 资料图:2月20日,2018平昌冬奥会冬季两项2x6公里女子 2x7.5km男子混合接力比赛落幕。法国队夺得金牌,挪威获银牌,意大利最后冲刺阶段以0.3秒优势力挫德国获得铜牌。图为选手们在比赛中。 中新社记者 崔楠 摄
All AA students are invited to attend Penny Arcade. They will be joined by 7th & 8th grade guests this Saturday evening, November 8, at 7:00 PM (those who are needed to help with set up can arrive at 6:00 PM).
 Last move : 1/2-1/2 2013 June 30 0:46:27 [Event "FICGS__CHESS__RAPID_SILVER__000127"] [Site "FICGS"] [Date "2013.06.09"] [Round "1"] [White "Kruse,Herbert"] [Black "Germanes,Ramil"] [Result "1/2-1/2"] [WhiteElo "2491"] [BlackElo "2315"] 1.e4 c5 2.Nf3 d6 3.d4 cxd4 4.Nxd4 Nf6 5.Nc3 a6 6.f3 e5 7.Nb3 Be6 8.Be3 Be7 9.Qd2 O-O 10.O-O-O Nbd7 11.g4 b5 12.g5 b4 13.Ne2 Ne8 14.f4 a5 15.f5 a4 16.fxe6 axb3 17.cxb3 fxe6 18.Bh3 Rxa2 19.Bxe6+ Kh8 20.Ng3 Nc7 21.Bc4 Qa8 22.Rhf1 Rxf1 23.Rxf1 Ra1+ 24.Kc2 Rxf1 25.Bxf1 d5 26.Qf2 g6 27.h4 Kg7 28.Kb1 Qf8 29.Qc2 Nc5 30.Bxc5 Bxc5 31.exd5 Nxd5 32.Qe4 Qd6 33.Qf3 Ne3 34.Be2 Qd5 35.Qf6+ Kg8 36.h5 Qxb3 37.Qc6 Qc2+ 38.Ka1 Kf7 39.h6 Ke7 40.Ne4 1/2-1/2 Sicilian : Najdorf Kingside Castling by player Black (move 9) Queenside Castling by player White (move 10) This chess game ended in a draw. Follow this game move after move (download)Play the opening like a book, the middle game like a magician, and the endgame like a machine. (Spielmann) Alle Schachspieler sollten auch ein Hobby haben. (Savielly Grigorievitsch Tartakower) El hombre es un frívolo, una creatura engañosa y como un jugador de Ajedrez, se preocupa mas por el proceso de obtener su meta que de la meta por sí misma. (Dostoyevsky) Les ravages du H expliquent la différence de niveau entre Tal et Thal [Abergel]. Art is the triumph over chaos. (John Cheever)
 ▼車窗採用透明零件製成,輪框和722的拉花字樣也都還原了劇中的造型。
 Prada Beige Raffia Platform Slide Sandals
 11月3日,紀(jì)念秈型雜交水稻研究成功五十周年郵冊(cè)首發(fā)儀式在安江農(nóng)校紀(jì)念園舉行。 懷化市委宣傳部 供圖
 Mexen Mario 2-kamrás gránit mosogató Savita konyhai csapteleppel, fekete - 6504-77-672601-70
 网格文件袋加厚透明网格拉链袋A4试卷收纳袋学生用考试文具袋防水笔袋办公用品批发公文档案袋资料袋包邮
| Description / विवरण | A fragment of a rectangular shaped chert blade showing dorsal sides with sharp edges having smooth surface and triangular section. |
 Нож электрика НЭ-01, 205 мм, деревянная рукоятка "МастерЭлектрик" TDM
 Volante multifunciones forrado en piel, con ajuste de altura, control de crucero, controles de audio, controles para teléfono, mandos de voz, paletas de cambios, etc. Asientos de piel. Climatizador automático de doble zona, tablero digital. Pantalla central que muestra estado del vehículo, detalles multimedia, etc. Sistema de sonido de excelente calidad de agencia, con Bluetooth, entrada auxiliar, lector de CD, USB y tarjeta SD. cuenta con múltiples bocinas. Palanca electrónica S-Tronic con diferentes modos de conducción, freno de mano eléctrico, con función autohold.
---
Only those lines of the entries above that run from the line containing "All AA students" to the line containing "Нож электрика НЭ-01, 205", both included, should be transcribed exactly.

## Exercise result
All AA students are invited to attend Penny Arcade. They will be joined by 7th & 8th grade guests this Saturday evening, November 8, at 7:00 PM (those who are needed to help with set up can arrive at 6:00 PM).
 Last move : 1/2-1/2 2013 June 30 0:46:27 [Event "FICGS__CHESS__RAPID_SILVER__000127"] [Site "FICGS"] [Date "2013.06.09"] [Round "1"] [White "Kruse,Herbert"] [Black "Germanes,Ramil"] [Result "1/2-1/2"] [WhiteElo "2491"] [BlackElo "2315"] 1.e4 c5 2.Nf3 d6 3.d4 cxd4 4.Nxd4 Nf6 5.Nc3 a6 6.f3 e5 7.Nb3 Be6 8.Be3 Be7 9.Qd2 O-O 10.O-O-O Nbd7 11.g4 b5 12.g5 b4 13.Ne2 Ne8 14.f4 a5 15.f5 a4 16.fxe6 axb3 17.cxb3 fxe6 18.Bh3 Rxa2 19.Bxe6+ Kh8 20.Ng3 Nc7 21.Bc4 Qa8 22.Rhf1 Rxf1 23.Rxf1 Ra1+ 24.Kc2 Rxf1 25.Bxf1 d5 26.Qf2 g6 27.h4 Kg7 28.Kb1 Qf8 29.Qc2 Nc5 30.Bxc5 Bxc5 31.exd5 Nxd5 32.Qe4 Qd6 33.Qf3 Ne3 34.Be2 Qd5 35.Qf6+ Kg8 36.h5 Qxb3 37.Qc6 Qc2+ 38.Ka1 Kf7 39.h6 Ke7 40.Ne4 1/2-1/2 Sicilian : Najdorf Kingside Castling by player Black (move 9) Queenside Castling by player White (move 10) This chess game ended in a draw. Follow this game move after move (download)Play the opening like a book, the middle game like a magician, and the endgame like a machine. (Spielmann) Alle Schachspieler sollten auch ein Hobby haben. (Savielly Grigorievitsch Tartakower) El hombre es un frívolo, una creatura engañosa y como un jugador de Ajedrez, se preocupa mas por el proceso de obtener su meta que de la meta por sí misma. (Dostoyevsky) Les ravages du H expliquent la différence de niveau entre Tal et Thal [Abergel]. Art is the triumph over chaos. (John Cheever)
 ▼車窗採用透明零件製成,輪框和722的拉花字樣也都還原了劇中的造型。
 Prada Beige Raffia Platform Slide Sandals
 11月3日,紀(jì)念秈型雜交水稻研究成功五十周年郵冊(cè)首發(fā)儀式在安江農(nóng)校紀(jì)念園舉行。 懷化市委宣傳部 供圖
 Mexen Mario 2-kamrás gránit mosogató Savita konyhai csapteleppel, fekete - 6504-77-672601-70
 网格文件袋加厚透明网格拉链袋A4试卷收纳袋学生用考试文具袋防水笔袋办公用品批发公文档案袋资料袋包邮
| Description / विवरण | A fragment of a rectangular shaped chert blade showing dorsal sides with sharp edges having smooth surface and triangular section. |
 Нож электрика НЭ-01, 205 мм, деревянная рукоятка "МастерЭлектрик" TDM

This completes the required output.